We take in the views for 20 minutes and get some much needed rest before
beginning our descent. As we leave the
summit, another climber passes us on her way up. While making our way down we meet her
again. She did the trek in one hour and
45 minutes. That’s staggeringly
quick. The climb back down is much
easier. We tackle the sand and gravel
areas like snow, running in a zigzag motion.
This is not a good method. At one
stage I lose all control of my speed and direction and crash my shin straight
into a rock. It could have been much
worse. Time to take it easy. After only one hour and 30 minutes we reach
the TeleferiQo again at which point I am dragging my legs, barely able to lift
them. Next time I do something like this
I know to bring food. Rookie mistake.
Part of today’s adventure was a test to see how I handled the altitude
and whether I’d be fit enough to tackle Cotopaxi. Although I made it today, Cotopaxi is a whole
different story. I’ve decided that it
would just be a little too tough for me at this stage. I’ll try something like that later in my
trip, maybe in Peru.
After getting back
to the hostel and getting back to better oxygen levels, I get talking to
Elisha, from Perth Australia.. She’s
planning a trip to the Galapagos Islands and has convinced me to go. The Galapagos is somewhere I have wanted to
go all my life, but it is very expensive.

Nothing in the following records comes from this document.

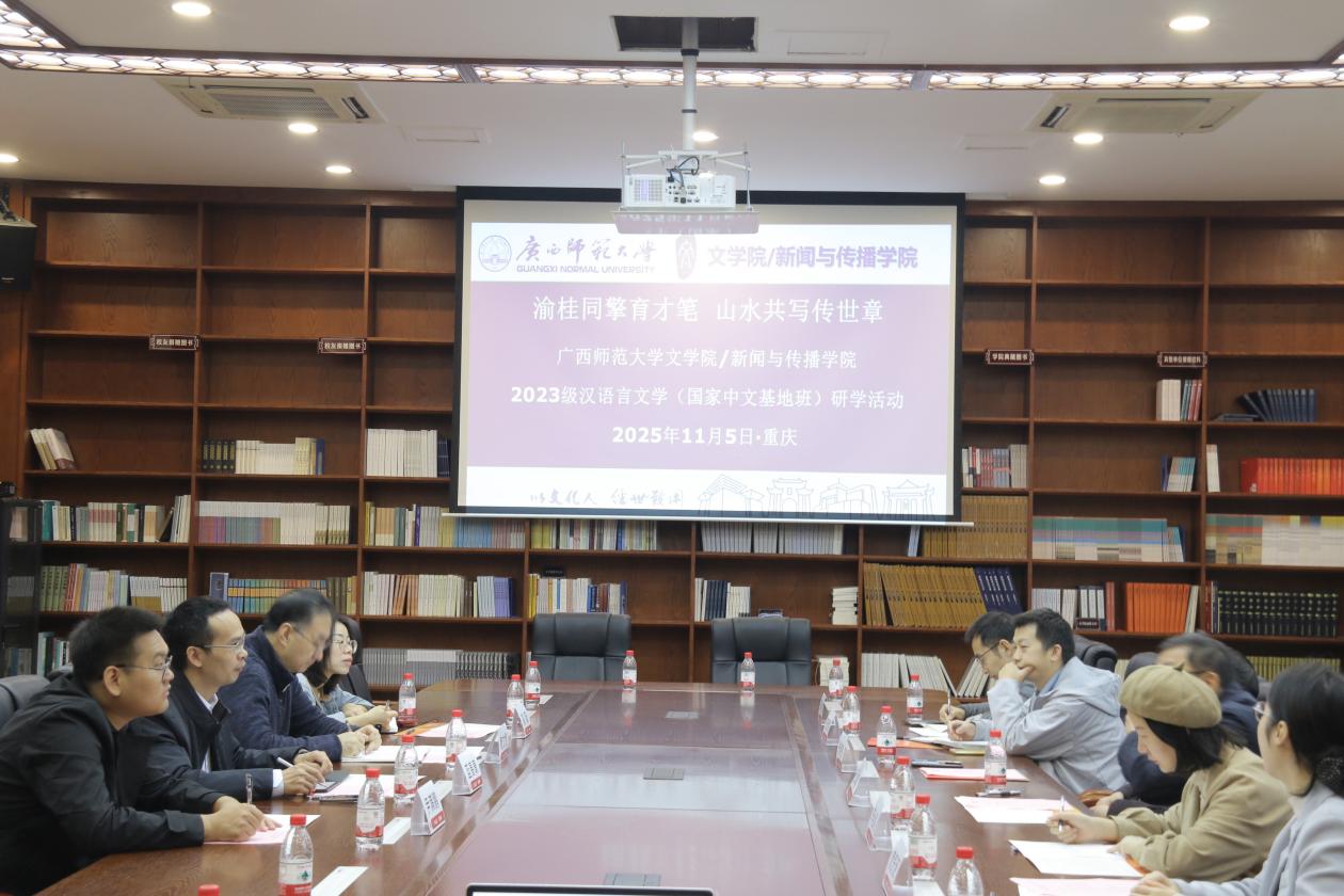 为深化中国语言文学拔尖学生培养基地建设,探索拔尖创新人才培养提质路径,在广西师范大学国家文科基地成立30周年之际,2025年11月5日,广西师范大学文学院/新闻与传播学院与西南大学文学院交流座谈暨基地班研学见面会在西南大学举行。双方围绕拔尖学生培养基地建设、文学教育、人工智能时代的中文写作教学、校际资源共建共享等议题深入研讨,凝聚起文科教育高质量发展共识。
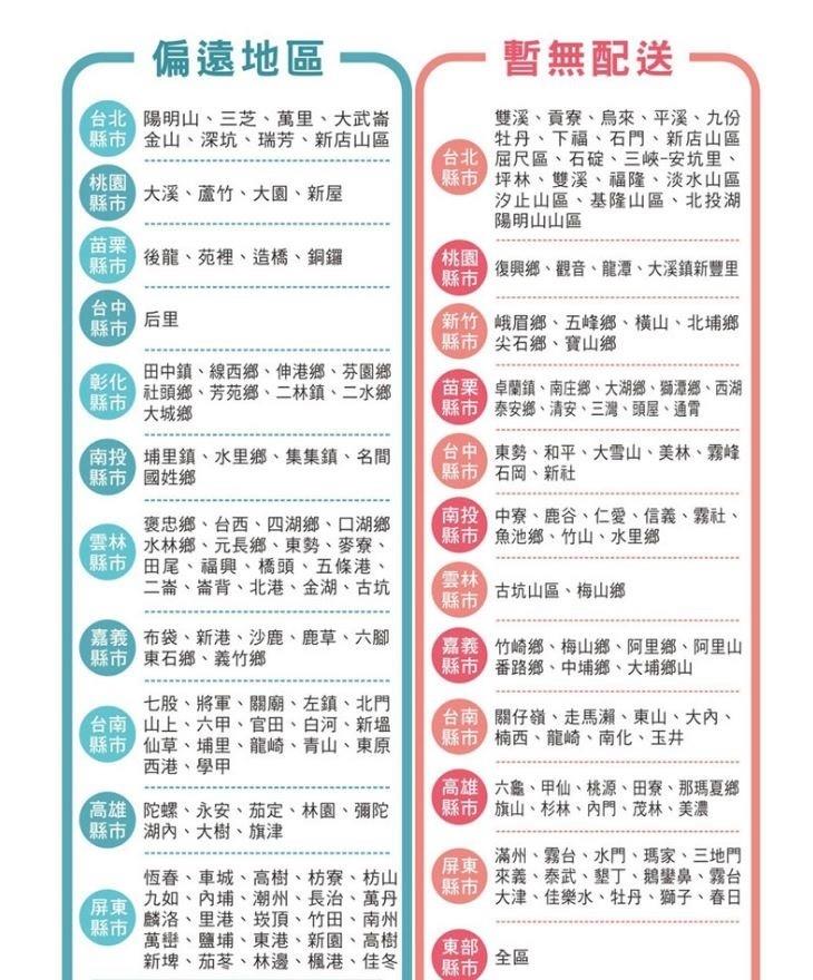 (花蓮全區,屏東全區,南投全區,台東全區和【暫無配送區】皆無運送服務)。
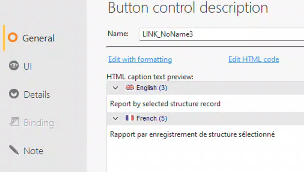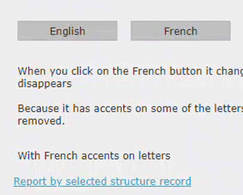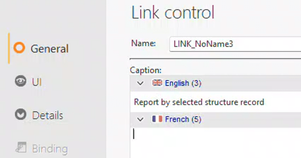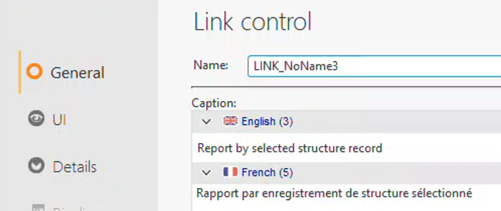 This issue manifests in two ways. To observe this behavior, create a link control that includes both an English and a French caption. For instance, use “Report by selected structure record” in English and “Rapport par enregistrement de structure sélectionné” in French.
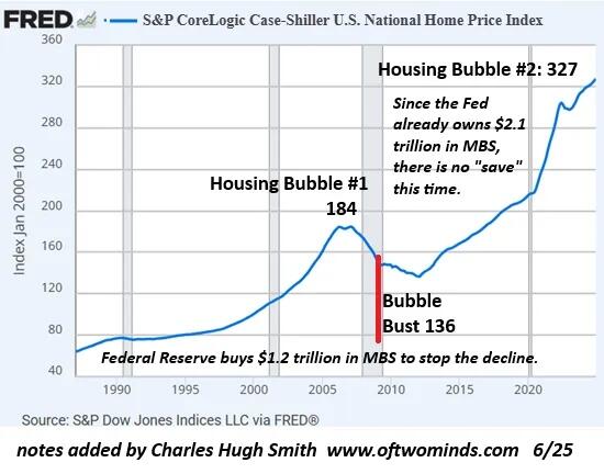 The official policies of replacing increases in the purchasing power of wages with the artifices of expanding debt and credit-asset bubbles have reached their limits, and rather than solutions they are now the problem–a problem whose only resolution is the destruction of the phantom wealth via bankruptcy, default and writedowns of debt that will never be paid back.
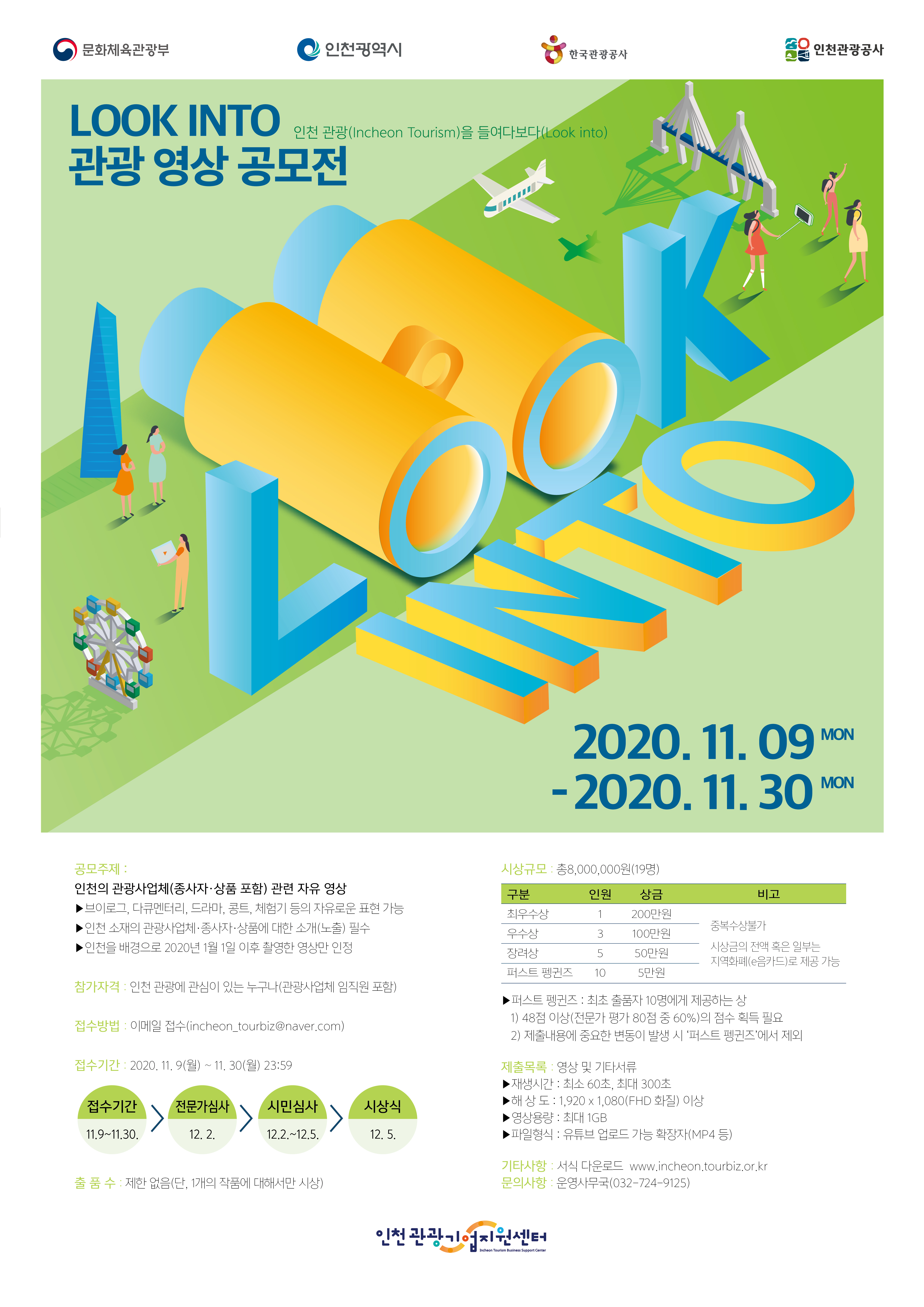 인천 관광기업지원센터에서 진행하는「LOOK INTO 관광 영상 공모전」의 개최를 알려드리오니 관심있는 분들의 많은 참여 바랍니다.
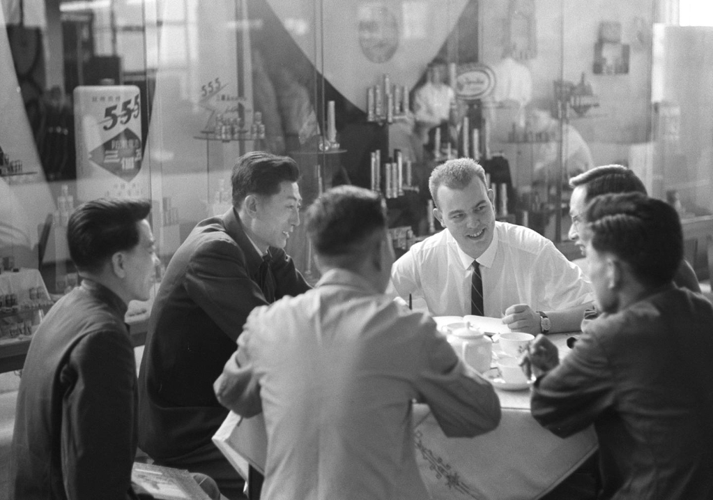 1965年,挪威商人萊伊夫·斯契瓦伯和中國交易團(tuán)工作人員在第17屆廣交會(huì)上洽談交易。新華社記者 蔡忠植 攝
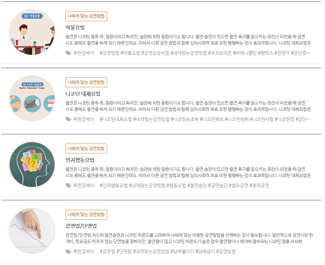 설명내용을 자세히 읽어보고 나에게 맞는 담배 끊는 방법은 어떤 것이 있는지 가늠할 수 있다.
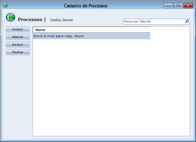 Informe uma descrição amigável, de fácil identificação do processo a ser cadastrado. Em nosso exemplo utilizaremos "Envio SMS / E-mail Aluno";
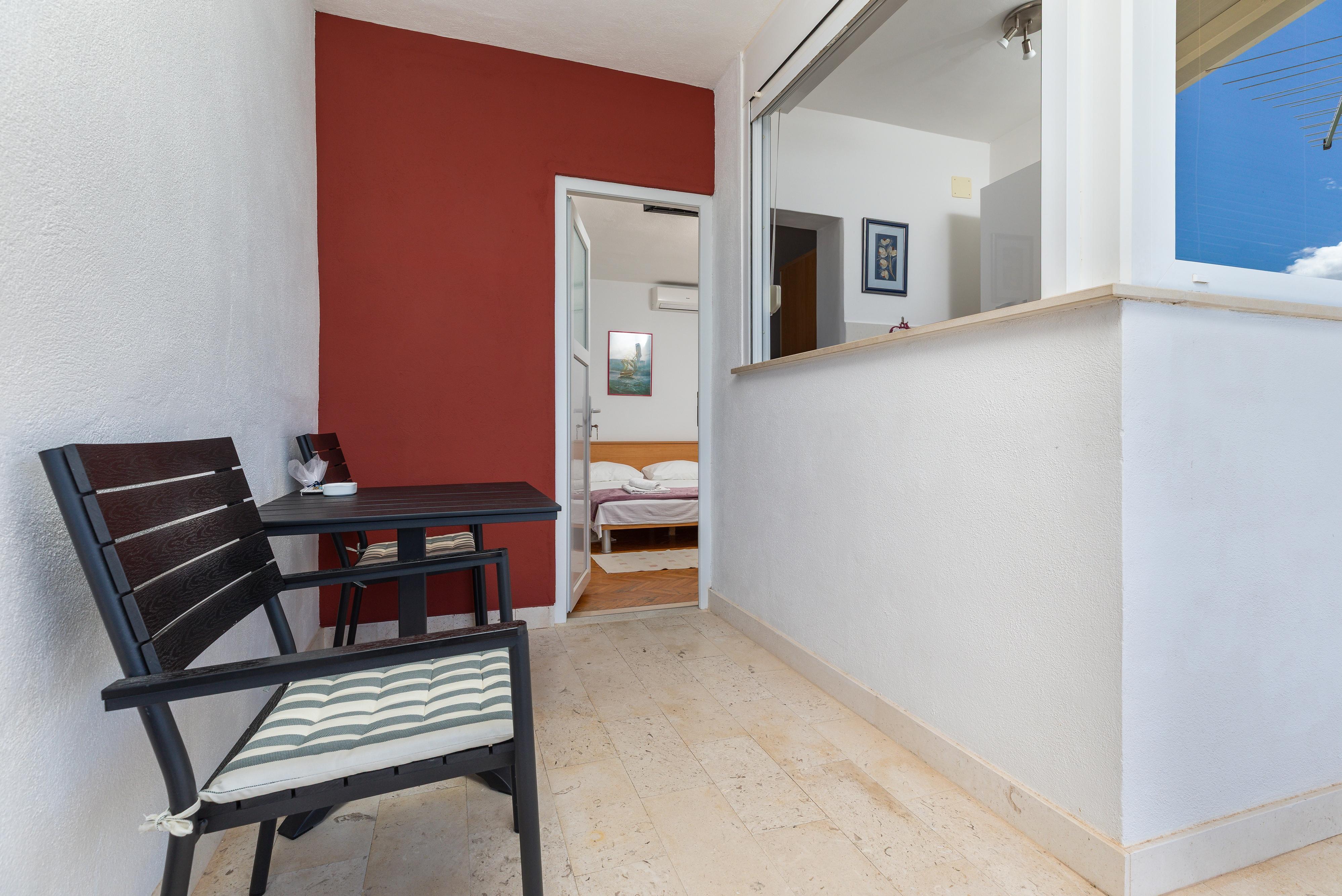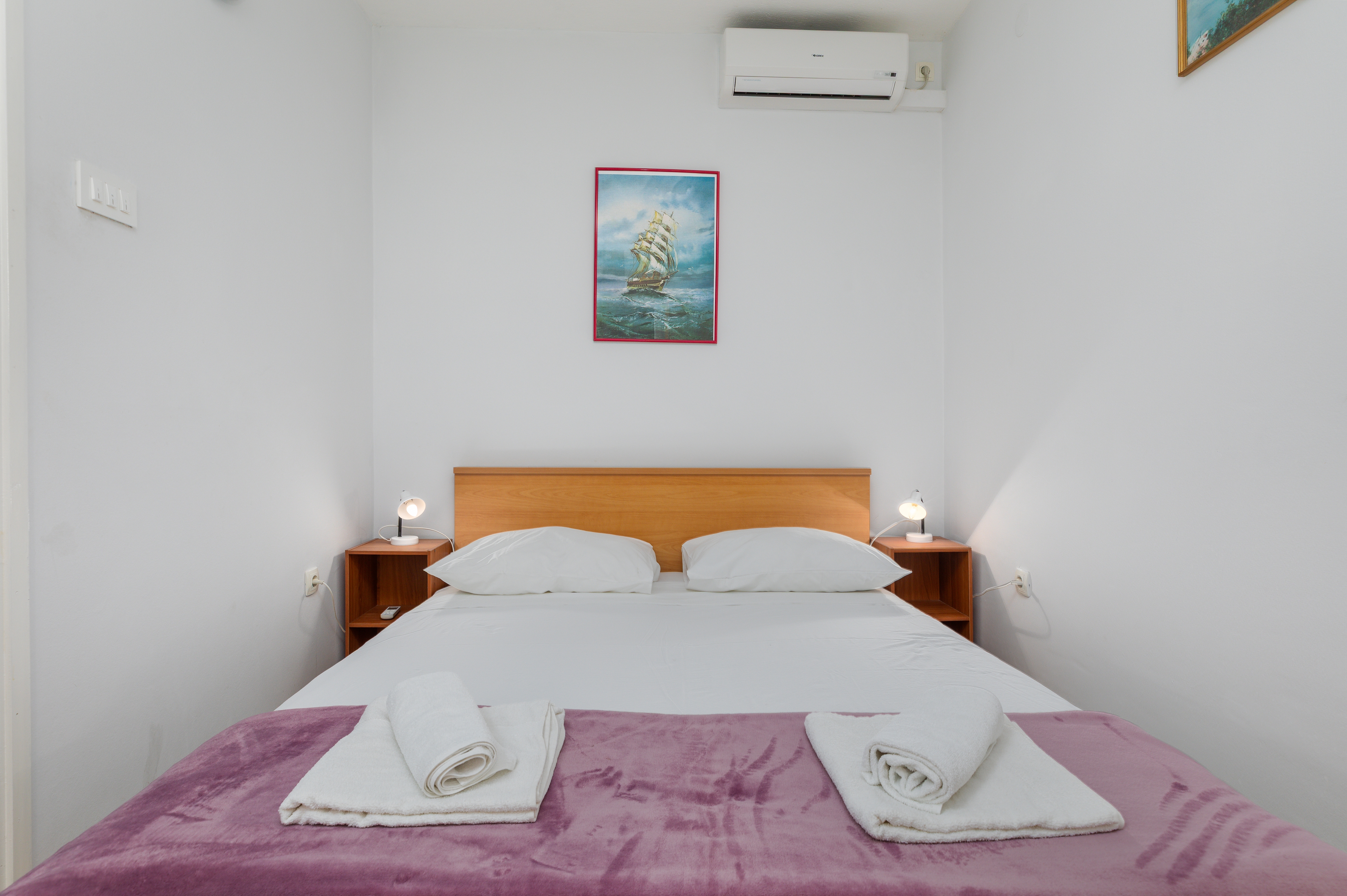 Studio może przyjąć 2 gości. Łóżka znajdują się w sypialniach, których jest 1, na powierzchni 14m2. Goście mają dostęp do tarasu, by korzystać z ciepłych, letnich wieczorów. Z apartamentu typu studio roztacza się widok na morze. Możliwość przygotowywania posiłków poprzez korzystanie ze wspólnego grilla. WLICZONE W CENĘ: taksa pobytowa, sprzątanie końcowe, klimatyzacja, parking, internet, przenośny grill. OBOWIĄZKOWE KOSZTY DODATKOWE: dopłata za krótki termin (procent dopłaty w zalezności od liczby noclegów: 30% - 1, 20% - 2, 10% - 3). Dostępność dodatkowych usług w rezerwowanym terminie oraz ich cenę (jeśli nie jest podana) należy sprawdzić wcześniej. Za dodatowe usługi, które nie zostały uwzględnione w kalkulacji ceny, płaci się bezpośrednio właścicielowi obiektu, pod warunkiem śe gość korzysta z tych usług. Zniżki od ceny podstawowej: bezpłatny dzień 14=13 (przy pobycie, trwającym co najmniej 14 dni, otrzymujecie jeden bezpłatny dzień na pobyt do 31.12.2026).
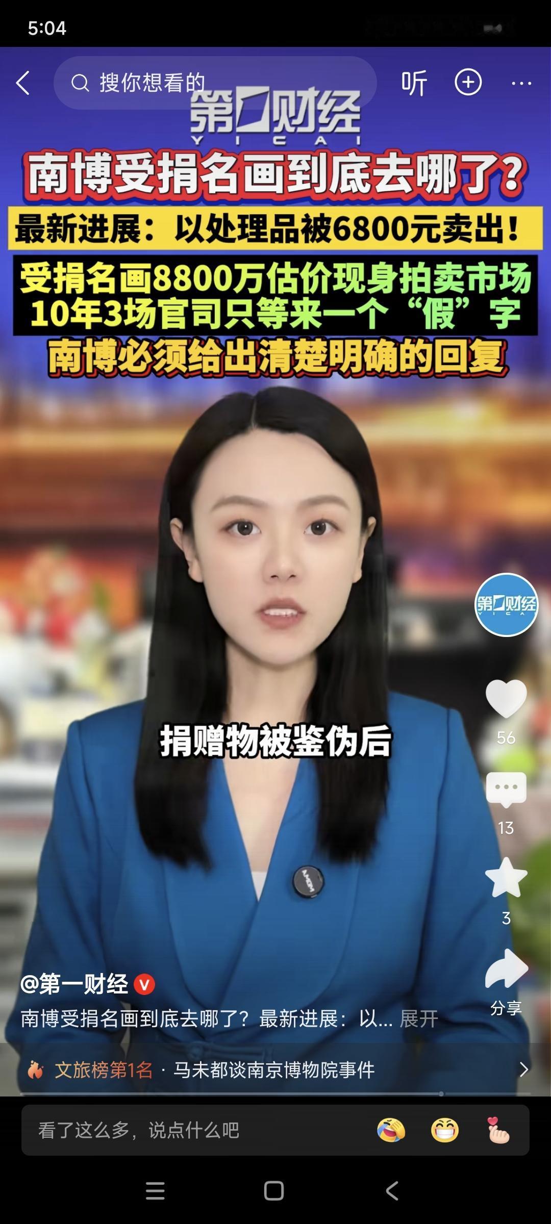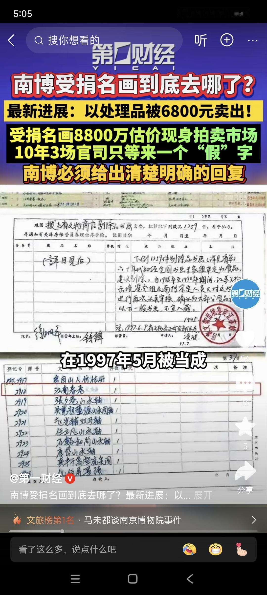 南博私自把个人捐赠的画作当作仿品,以6800元的价格售卖。要知道,那可是1997年,彼时的6800元,抵现在的10万都不止。 要是一幅假画,能卖出如此高价?谁会相信呢?必须找到当时的买家问个明白,究竟是真按仿品出售,还是让熟人以仿品之名买走,设了个局? 当时真就只卖了6800元吗?是否存在做假账的嫌疑,多卖少记账呢? 倘若真是赝品,如今能卖到8800万?是当时的鉴别能力不足吗?藏品价值鉴定 南博捐赠品 真是疑点丛生。
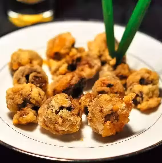 起鍋熱油,油稍多一些,七分熱一個個下入口蘑炸至金黃撈出。喜歡酥一點的可以復炸。
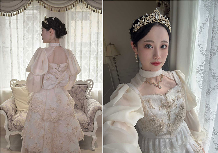 小学生の時にTVで見たデザイナーの伊藤羽仁衣さんが手がけるドレスに一目惚れ。それからドレスデザイナーを志し、高校は服づくりができるところを選びました。文化服装学院は卒業後の進学先で候補に挙がっていた一つで、他の服飾学校では見かけないオートクチュール専攻があったからです。入学の決め手になったのは文化祭のファッションショー。キラキラしたステージや作品に魅了され、「ここしかない!」と思い、入学を決意しました。
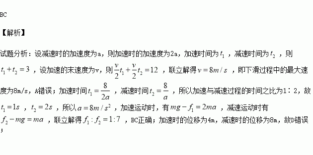 如图所示,一名消防队员在模拟演习训练中,沿着长为12m的竖立在地面上的钢管往下滑。已知这名消防队员的质量为60㎏,他从钢管顶端由静止开始先匀加速再匀减速下滑,滑到地面时速度恰好为零。如果他加速时的加速度大小是减速时的2倍,下滑的总时间为3s, g取10m/s2,那么该消防队员( )

It’ll blow out my budget completely.
But then again, when I will ever be so close? When will I ever have this chance again? Some big decisions to make.
The hostel put on a
special Halloween dinner tonight: green soup, black witches hair spaghetti and
a Bloody Mary. When chatting to Elisha a
bit more over dinner she tells me the best hot chocolate she has ever tasted
was in Mello Café in Bundoran, Donegal.
Mello Café is owned by my cousin Caoilfhionn. Another small world incident.